Описания собственно традиционного обряда бракосочетания у калмыков единичны и имеют незначительные различия. Обряд проводил священнослужитель, который, кроме чтения молитв, использовал берцовую кость следующим образом: молодых усаживали на двойную войлочную подстилку: невеста слева, жених — справа, перед ними устанавливают столик с божествами. В руках они держали шаhа чимгн 'берцовую кость' (за оба конца: жених левой рукой, а невеста — правой), обернутую белым платком, которым закрывали лицо невесте перед выводом ее из родительского дома. После чтения молитвы священнослужителем молодые совершали троекратный поклон, при этом не должны были выпускать кость из рук, поэтому приподнимали к лицу одну только руку: жених правую, а невеста — левую. Затем священнослужитель вводил молодых в жилище, держа за середину шаhа чимгн 'берцовой кости'. Молодых усаживали на семейной постели: его в изголовье, ее — в ногах. После этого священнослужитель возлагал кость на „дееджин цёгцо", и молодые снова совершали троекратные поклоны, но уже перед алтарем. После того, как гости заходили и занимали свои места в жилище, «гелюнг берет с жертвенной чашечки шага чимген, срезает с него все мясо и раздает жениху, невесте и их родителям» [Небольсин 1852: 74-75]. Сходное описание обряда бракосочетания представлено в работе И. В. Бент-ковского, с той лишь разницей, что кость молодые держали иначе: жених правой рукой, а невеста — левой; кость была обернута специальным платком; адресанты для поклонения в разных социальных группах отличались; невеста находилась с закрытым платком лицом до введения ее в жилище. Обряд бракосочетания завершался тем, что «гелюнг берет „шаhа чимген", снимает с него платок. срезает до трех раз небольшие кусочки баранины и кладет пред бур-ханом на маленькую серебряную чашечку в роде солонки „такилын цекце" (это значит жертвоприношение) и потом дает по такому кусочку в сообщение жертвы жениху, невесте, их родственникам и всем присутствующим, а „шаhа чимген"кладет на место. Принятые кусочки съедаются, и каждый кладет по 3 земные поклона» [Бентков-ский 1869: 163].
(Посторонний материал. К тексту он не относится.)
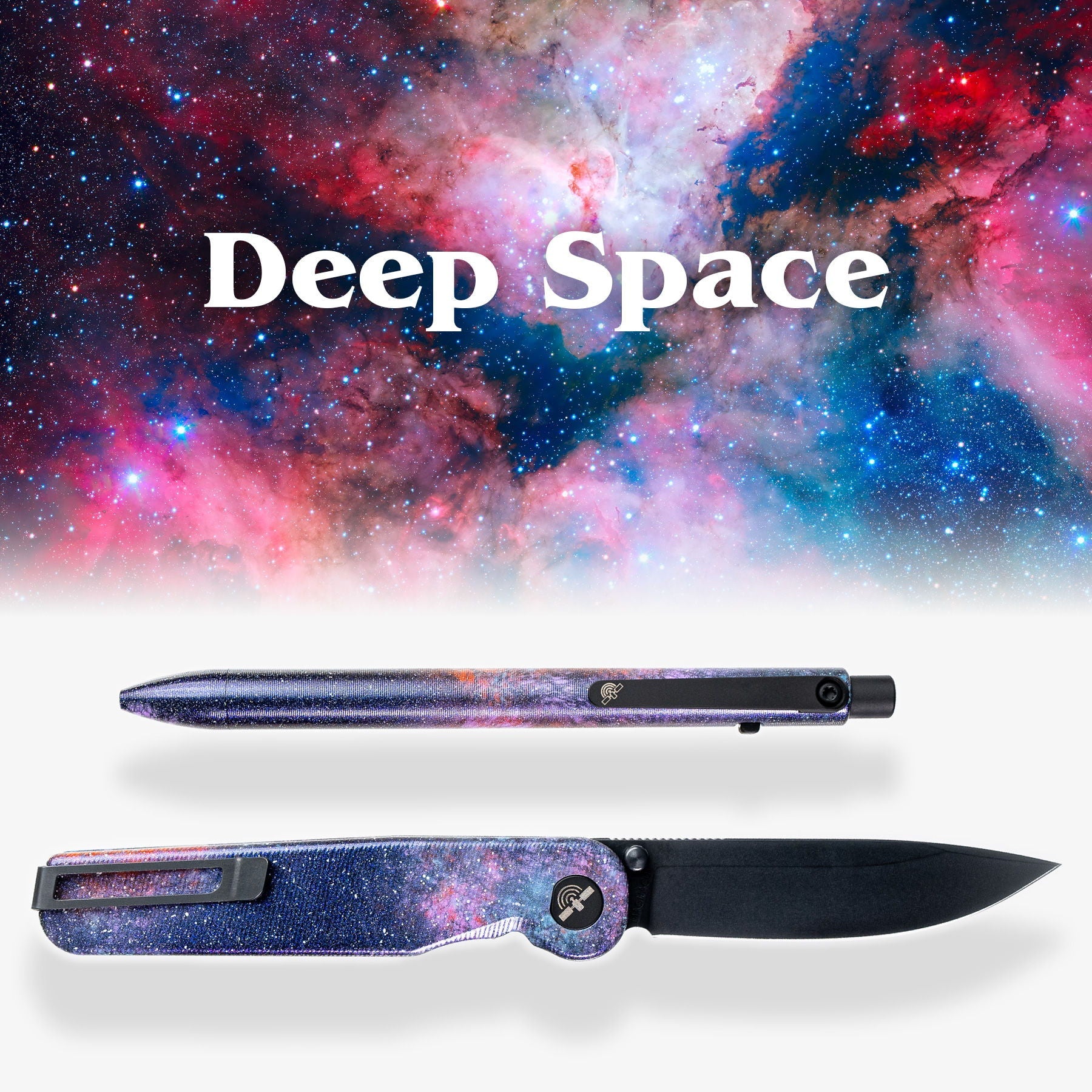 Inspired by the Deep Space Side Click Pen, the Deep Space Rockwall features custom Cerakote and engraving on top of the titanium base.
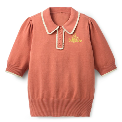 It's time to celebrate the 70th Anniversary of theDisneylandResort, and this vintagekorea sweater is the perfect piece to join in the festivities. It's knitted with scalloped lace trim around the point collar, partial button placket, and short sleeve cuffs. The embroidered ''Disneyland 70'' logo elevates the design inhonor the landmark occasion.
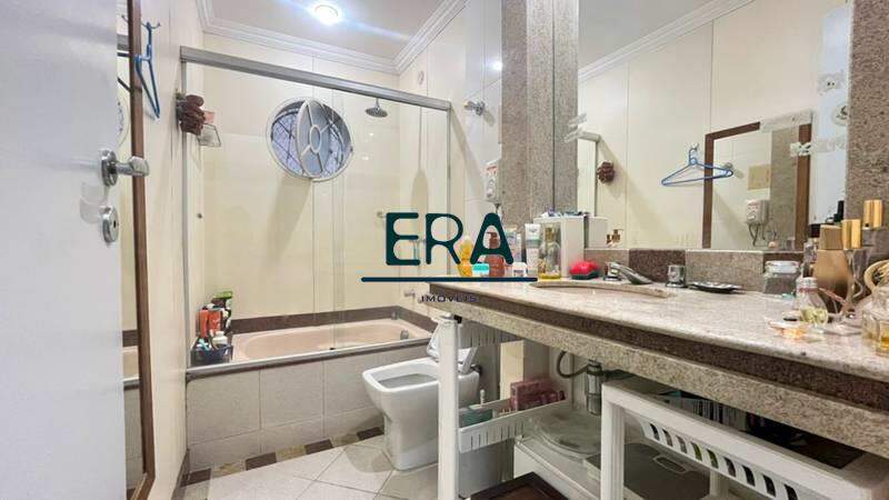 Banheiro social com forro rebaixado em gesso, bancada em granito, espelho, box em blindex e banheira
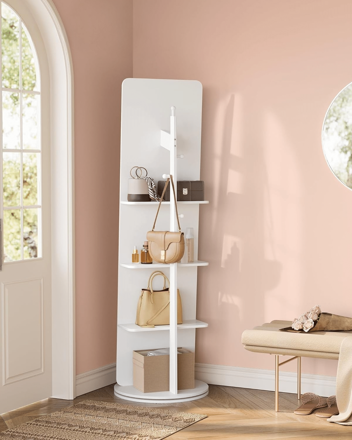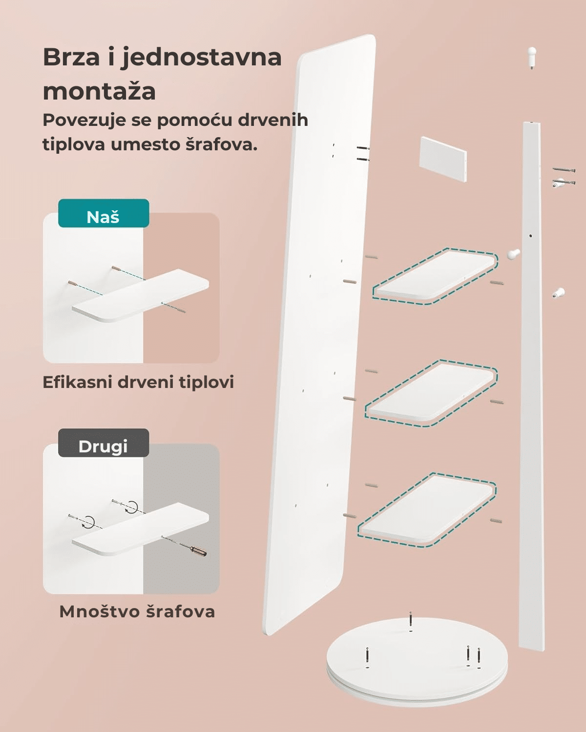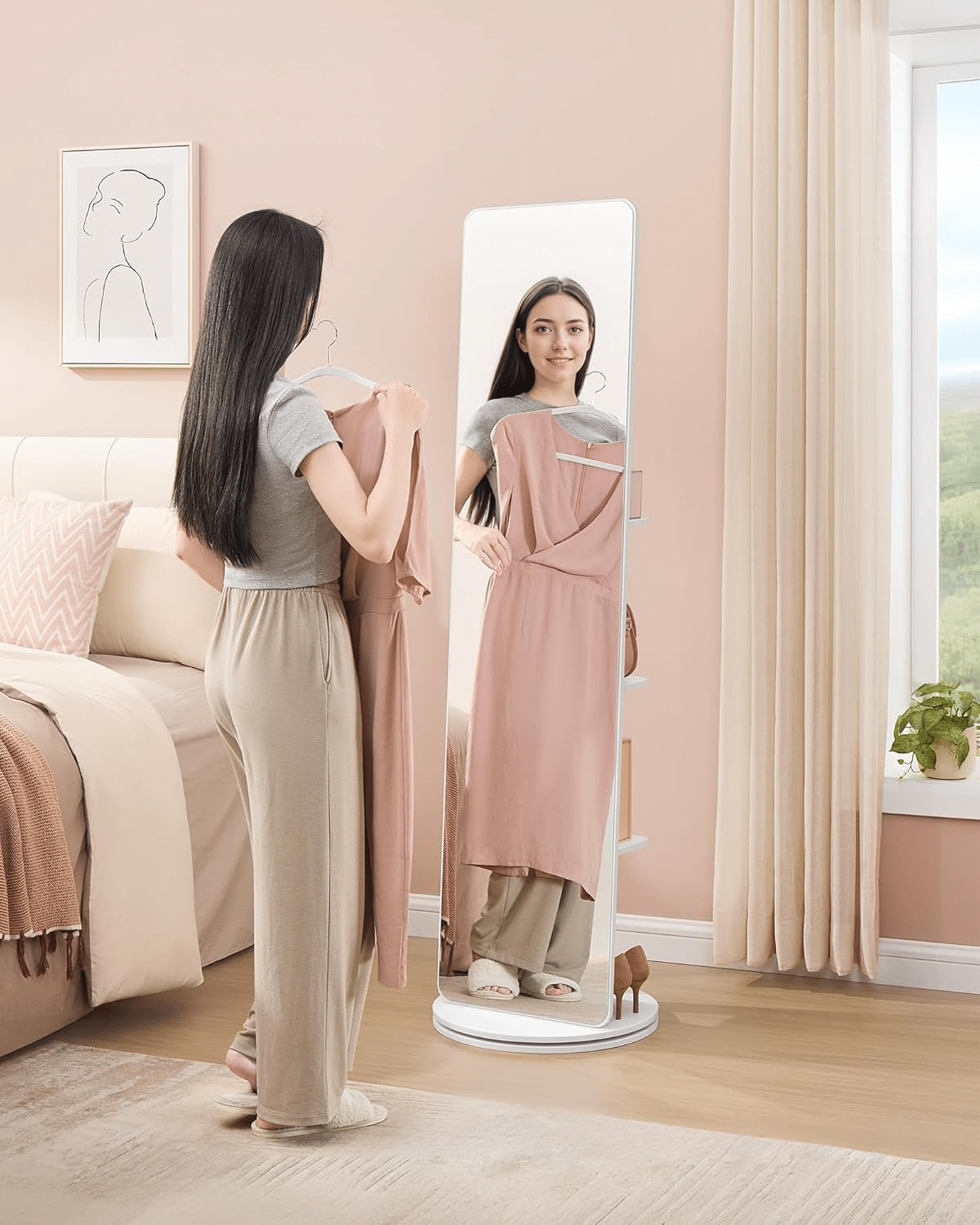 Ovo veliko ogledalo u punoj dužini omogućava da lako proverite svoj izgled i odaberete savršenu kombinaciju za svaki dan. Na zadnjoj strani nalaze se 4 police i 4 kukice, koje pružaju dodatni prostor za odlaganje aksesoara, torbi ili odeće. Zahvaljujući 360° rotaciji, sve što vam je potrebno uvek vam je nadohvat ruke.
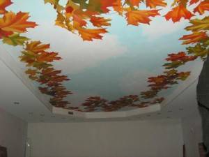 - Разнообразие фактур и дизайнов дает возможность создавать декоративные конструкции любой степени сложности. А нанесение фотопечати и рисунков акриловыми красками еще больше расширяет возможности этих потолков в придании интерьеру индивидуального характера.
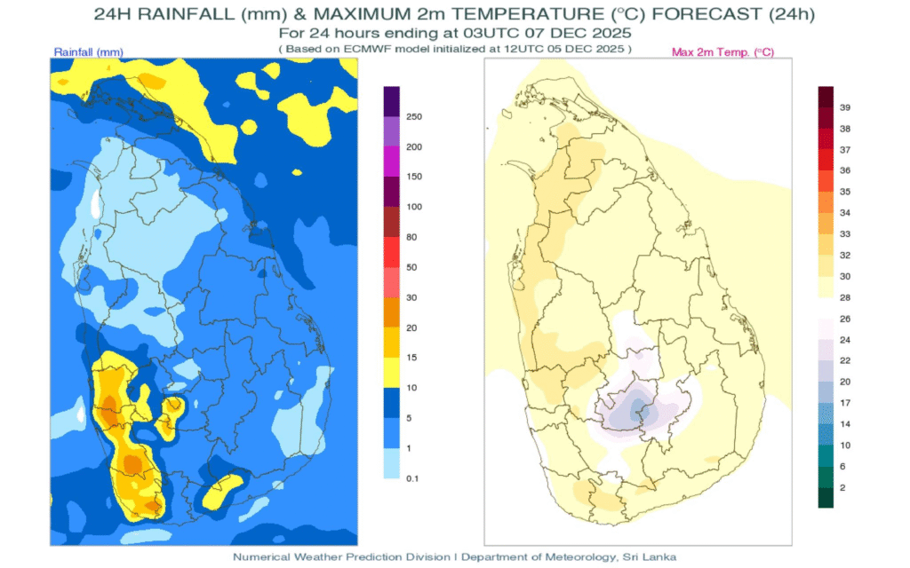 ඒ අනුව, අද (දෙසැම්බර් 06) දිනයේදී උතුරු, උතුරු-මැද, නැගෙනහිර සහ ඌව පළාත්වලත් මාතලේ දිස්ත්රික්කයෙත් වැසි වාර කිහිපයක් ඇති වේ.
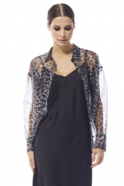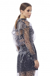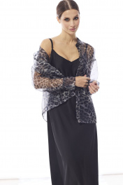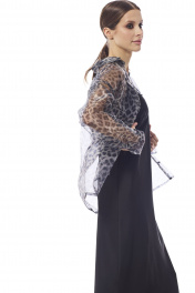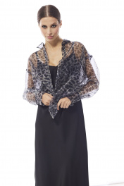 Блуза женская , выполнена из принтованной органзы .Рукав втачной одношовный с притачной манжетой. Воротник рубашечный , застежка центральная на петли и пуговицы .
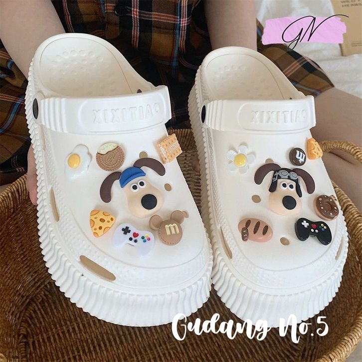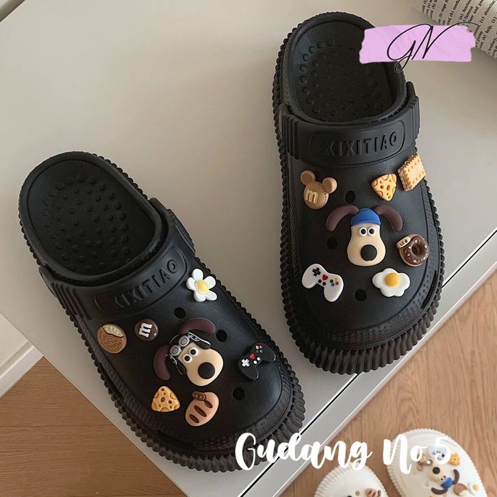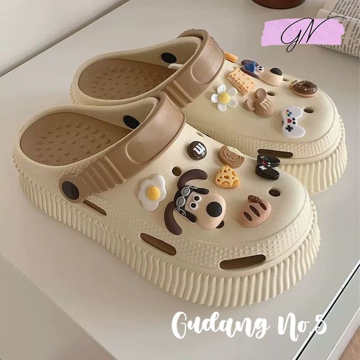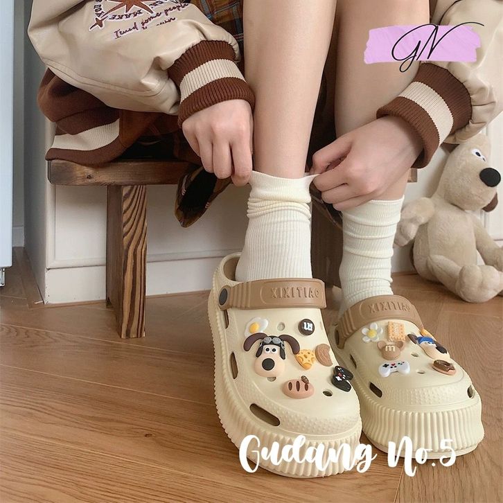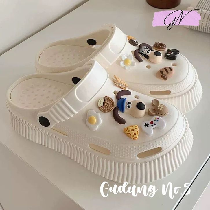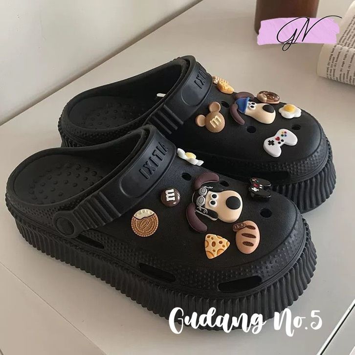 GN-906M Sandal Baim Wedges Eva AntiSlip Sendal Bapao Tinggi 6.5 CM dengan Jibbitz Import EVA Rubber Kekinian Terbaru

Использование берцовой кости как основного атрибута в обряде бракосочетания обусловлено представлением о ней «как вместилище CYльдэ, выступает в качестве атрибута, моделирующего сакральный центр в ситуации нарушения границ сообщества — в свадебной обрядности» [Сод-номпилова 2008: 303], так как социальная жизнь номадов постоянно соотносилась с мифологической картиной мира. По нашему мнению, обернутая белым платком берцовая кость выполняла репродуктивную функцию, и посредством нее моделировалось тело ребенка и испрашивание чадородия непосредственно у предков, на что указывает кратковременное возложение ее в чашу для подношений и последующее вкушение мяса с нее. Кроме того, можно предположить моделирование держащими между собой кость и поднимающими правую и левую руку женихом и невестой двух опорных столбов во время обряда бракосочетания как будущей «основы» семейного жилища. Как известно, у тюрко-монгольских народов, столб, стоящий на правой стороне жилища был мужским, а на левой — женским. При погребении умерших у тюрков на могилу женщины ставили столб как олицетворение женского начала, а на могилу мужчины — его пи-ку-найдза [Галданова 1992: 22].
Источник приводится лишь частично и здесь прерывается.